In 2009, Anthem Blue Cross and Blue Shield decided to jack premiums in the state of Maine by a whopping 18.5%, helpfully explaining their profits weren’t high enough in the area. You be the judge: According to Maine’s attorney general, Anthem made $5.4 million from individual consumers over the past two years, paid $75.7 million in dividends to their parent company WellPoint, and pays their top nine employers an average of $500,000 a year. Legislators in Maine blocked the hike, so the insurance company is suing the entire state.
Anthem Blue Cross was forced to pay $15 million for dropping 2,300 members after they submitted medical bills. The first million was a fine; the other $14 million was reimbursement for the medical expenses the 2,300 were left facing after Anthem kicked them out for getting sick.

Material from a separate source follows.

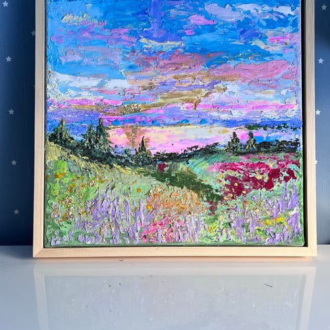 Talvimaisema taulu, jossa on luminen jokimaisema ja puita auringonnousun tai -laskun aikaan. Pehmeät pastellisävyt, kuten vaaleanpunainen, sininen ja vaalea keltainen, korostavat maiseman rauhallista tunnelmaa. Taulu on suorakaiteen muotoinen ja varustettu kehyksillä, jotka helpottavat seinälle ripustamista. Sopii sisustuselementiksi esimerkiksi olohuoneeseen, makuuhuoneeseen tai työtilaan.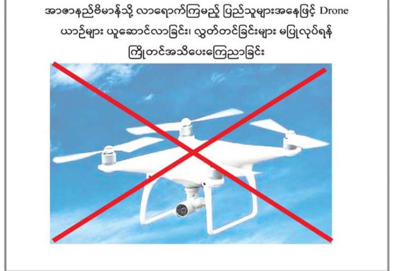 အာဇာနည်ဗိမာန်သို့ လာရောက်ကြမည့် ပြည်သူများအနေဖြင့် Drone ယာဉ်များ ယူဆောင်လာခြင်း၊ လွှင့်တင်ခြင်းများ မပြုလုပ်ရန် ကြိုတင်အသိပေးကြေညာခြင်း

In the first suit of its kind, in 2000 Humana had to pay $14.5 million to settle allegations that it defrauded state and federal Medicare and Medicaid programs. “Most of the disputed charges occurred in Florida, but investigators? also found problems with Humana bills in Arizona, Illinois, Kentucky and Missouri.”
The California Nurses Association took advantage of the fact that insurance companies in California must provide a record of claims denials to study how frequently insurance companies refused to honor a claim. They found the six largest insurers in the state denied an average of 21% of all claims in the first six months of 2009. PacifiCare denied “an astonishing” 39.6%, followed closely by Cigna, which denied 32.7%.
In 2005, 700,000 doctors brought a racketeering lawsuit against Humana for cheating them out of proper pay; Humana was forced to pay $40 million to settle the suit. And in 2009, the American Medical Association sued Cigna and Aetna for using “rigged data” to underpay doctors and force patients to pick up excessive costs for over a decade.